NOW, THEREFORE, the Employer, the Merging Employer and the Trustee do
hereby agree as follows:
(1) Section 1.29 of the Adoption Agreement of the Receiving Plan is
hereby amended to credit service with Mobius Group, Inc. for all purposes of the
Plan.
(2) The Appendix to the Adoption Agreement, Section B - Additional
Members of the Controlled Group, is hereby amended to add Mobius Group, Inc.,
EIN ___________, as a member of the controlled group, effective April 1, 1999.
(3) The attached Participant Agreement executed by Mobius Group, Inc.
as an adopting employer of the Receiving Plan is hereby incorporated as part of
the Receiving Plan, effective April 1, 1999.
(4) TRANSFER OF ASSETS. The Merging Plan shall transfer and assign
directly to the Receiving Plan the "Merger Account" for each participant in the
Merging Plan.

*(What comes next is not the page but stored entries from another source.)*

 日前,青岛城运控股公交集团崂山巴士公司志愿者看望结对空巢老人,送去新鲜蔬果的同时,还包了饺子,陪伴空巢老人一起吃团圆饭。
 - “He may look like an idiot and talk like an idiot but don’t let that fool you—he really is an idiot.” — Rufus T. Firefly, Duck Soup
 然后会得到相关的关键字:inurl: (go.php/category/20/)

The Merger Account is defined as the single sum value of the
participant's accrued benefit under the Merging Plan determined in accordance
with the provisions of the Merging Plan as of the date of transfer. In
accordance with Regulations issued by the Treasury Department, the various
contribution sources (e.g., employee pre-tax contributions, rollover
contributions, employer matching contributions, etc.), and earnings thereon, in
each participant's account shall remain separately identifiable at all times
during the transfer of plan assets from the Merging Plan.

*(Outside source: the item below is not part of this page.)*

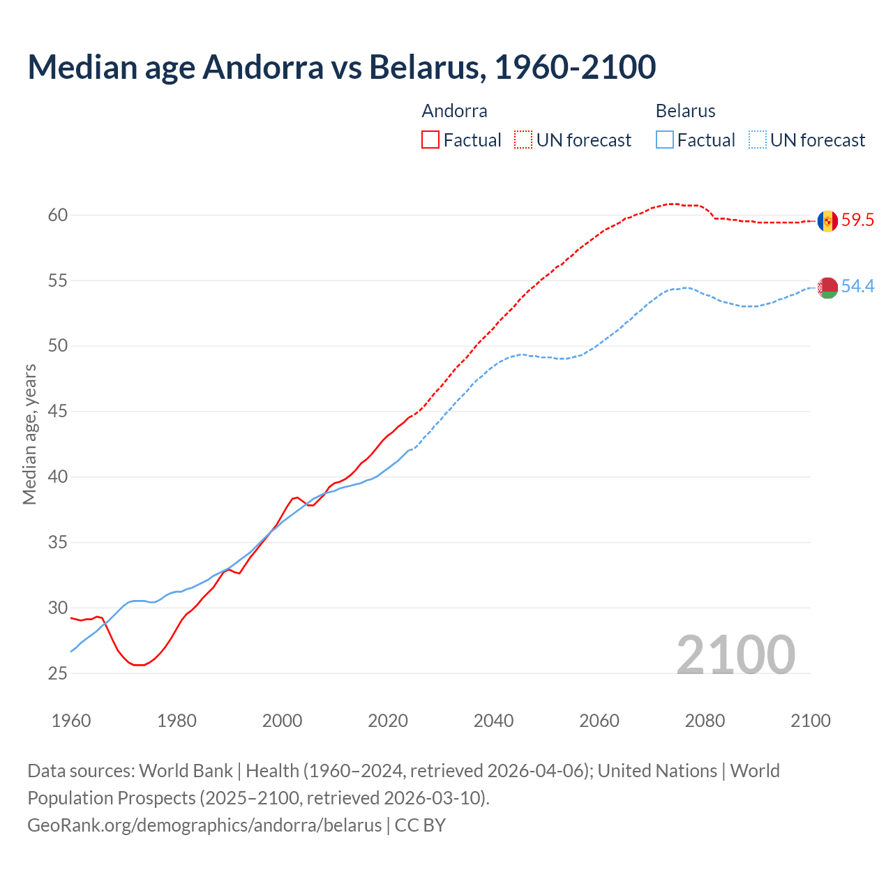 Median age Andorra vs Belarus, 1960-2100

(5) HQLDING AND INVESTMENT OF ASSETS. The Employer and the Trustee
shall hold, invest, administer and distribute the assets transferred and
assigned in accordance with the terms of the Receiving Plan, as amended herein
and as may be amended from time to time.
(6) PARTICIPANT ACCOUNTS. With respect to the account balances of the
participants under the Merging Plan, the following conditions shall apply:
(a) The sum of the account balances of the participants under
the Merging Plan and under the Receiving Plan immediately prior to the
transfer and assignment shall equal the fair market value of the entire
assets of the Receiving Plan immediately after the transfer and
assignment;
(b) Immediately after the transfer and assignment, each
participant shall have an account balance in the Receiving Plan equal
to the sum of the Merger Account the participant had in the Merging
Plan, if any, and the amount the participant had in the Receiving Plan,
if any;
(7) UPDATE OF PLAN. Any amendment and restatement of the Receiving Plan
in order to bring the Plan into compliance with current legislation and
regulations shall be made retroactively as prescribed by the regulations and
shall be considered as having been made to the Merging Plan as of the date of
the merger.
(8) BINDING EFFECT. The terms and conditions of this Merger Agreement
shall bind the Employer and the Trustee (and their successors) of the Receiving
Plan and shall operate as if fully set forth within the Receiving Plan.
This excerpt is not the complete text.